The foundation is working to close these gaps through free training for professionals and plans to establish a certified diagnostic curriculum before year's end. A family school is also in development, recognizing that parents often delay seeking evaluation until a crisis forces their hand—a hesitation that costs years of lost intervention. Early detection matters enormously. Children over seven or eight years old entering protection systems with learning and behavioral difficulties should receive neuropsychological evaluation by specialists, yet this rarely happens. Without timely intervention, secondary disabilities emerge: addiction, severe mental illness, homelessness.

The foundation's demands of government are specific and rooted in commitments made in 2019, when all parliamentary parties signed a declaration pledging four actions: official recognition of FASD as a disability with appropriate support mechanisms; inclusion of FASD incidence in public health surveillance; creation of protocols for early detection and intervention; and investment in research. None of these commitments have been fully realized. Castillo points to another obstacle: the alcohol industry itself, which he describes as a force powerful enough to silence even modest labeling proposals. FASD is entirely preventable, yet the economic interests arrayed against prevention remain formidable. The foundation continues its work with limited resources and considerable determination, serving families who desperately need specialized care while pushing for the systemic changes that would make such care routine rather than exceptional.

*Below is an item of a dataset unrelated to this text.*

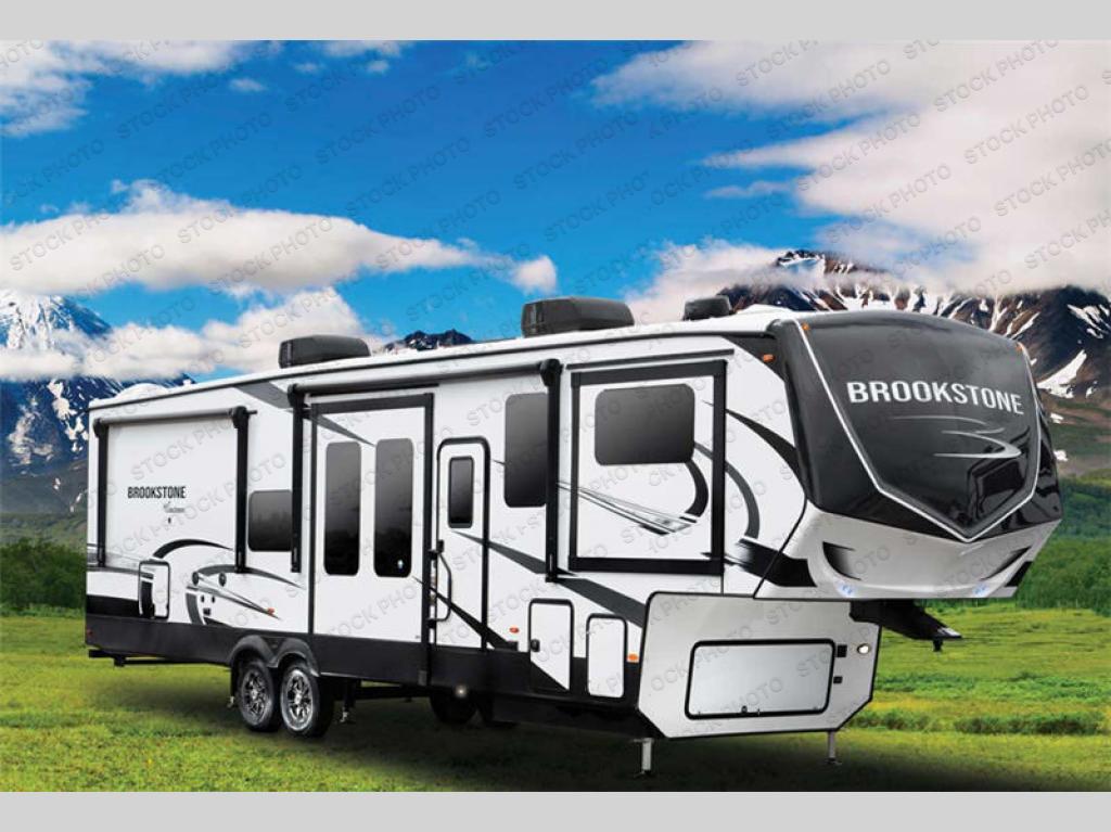 The Brookstone fifth wheels by Coachmen are coming to you with wide-body comfort, home-like amenities, and unique designs for a truly luxurious RV. The 4 Season Protection Package includes double batten insulated roof with radiant barrier insulation, Weather Shield+, a 40,000 BTU high capacity furnace, and more that will help you extend your camping season or go full-time. The frameless automotive-style windows feature 80% privacy tint safety glass, and the vacuum bonded and aluminum framed sidewalls with rot proof Azdel will provide durability. Head inside to find solid hardwood drawers, granite/marble style solid surface countertops in the kitchen, a residential bed with a pillow top mattress and full storage underneath, and the list of comforts goes on! The Brookstone also includes 6-point electric auto-leveling, marine-grade exterior speakers with an LED light, four Solid Step entry steps, and many more exterior conveniences!

This is not a problem of personal failure or maternal blame, but a public health crisis and a human rights issue.
— Mercedes del Valle, president of Visual TEAF Foundation
If a woman is struggling with addiction and cannot stop drinking during pregnancy, she needs help and support, not blame and stigma.
— Visual TEAF Foundation
La Conversación del Hearth Otra perspectiva de la historia
Inventor

Why does this condition remain so invisible if it affects one in twenty people?

Model

Because the stigma is suffocating. Parents don't want to say the name aloud. Doctors don't recognize it. And there's this crushing sense of blame—toward the mother, toward the person living with it—that makes everyone want to hide rather than seek help.

Inventor

But the source material says no mother deliberately harms her child. So where does the blame actually come from?

Model

From a misunderstanding of what addiction is, and from a culture that punishes women for their bodies and choices. If a woman can't stop drinking during pregnancy, she needs treatment and support, not condemnation. But instead, the disorder becomes a permanent mark against her.

Inventor

What happens to children who go undiagnosed for years?

Model

They're labeled as lazy, defiant, troublemakers. Their behavioral problems are neurological symptoms, but no one sees it that way. By the time diagnosis comes—often after something serious happens—they've already internalized the shame and missed years of intervention that could have changed everything.

Inventor

The statistics sound devastating. Eighty percent legal problems, short life expectancy. Is that inevitable?

Model

No. That's what happens without support. With early diagnosis, proper accommodations, and people who understand the condition, outcomes improve dramatically. The grim statistics reflect system failure, not human limitation.

Inventor

What's blocking diagnosis?

Model

Doctors don't know enough about it. Diagnosis requires coordination between psychology and medicine that public systems can't provide. And ADHD often masks the full picture, so people get partial answers. The average wait is over ten years.

Inventor

What would actually fix this?

Model

The government made promises in 2019 that it hasn't kept. Official disability recognition, public health tracking, early detection protocols, research funding. And honestly, the alcohol industry needs to stop blocking warning labels. This is entirely preventable.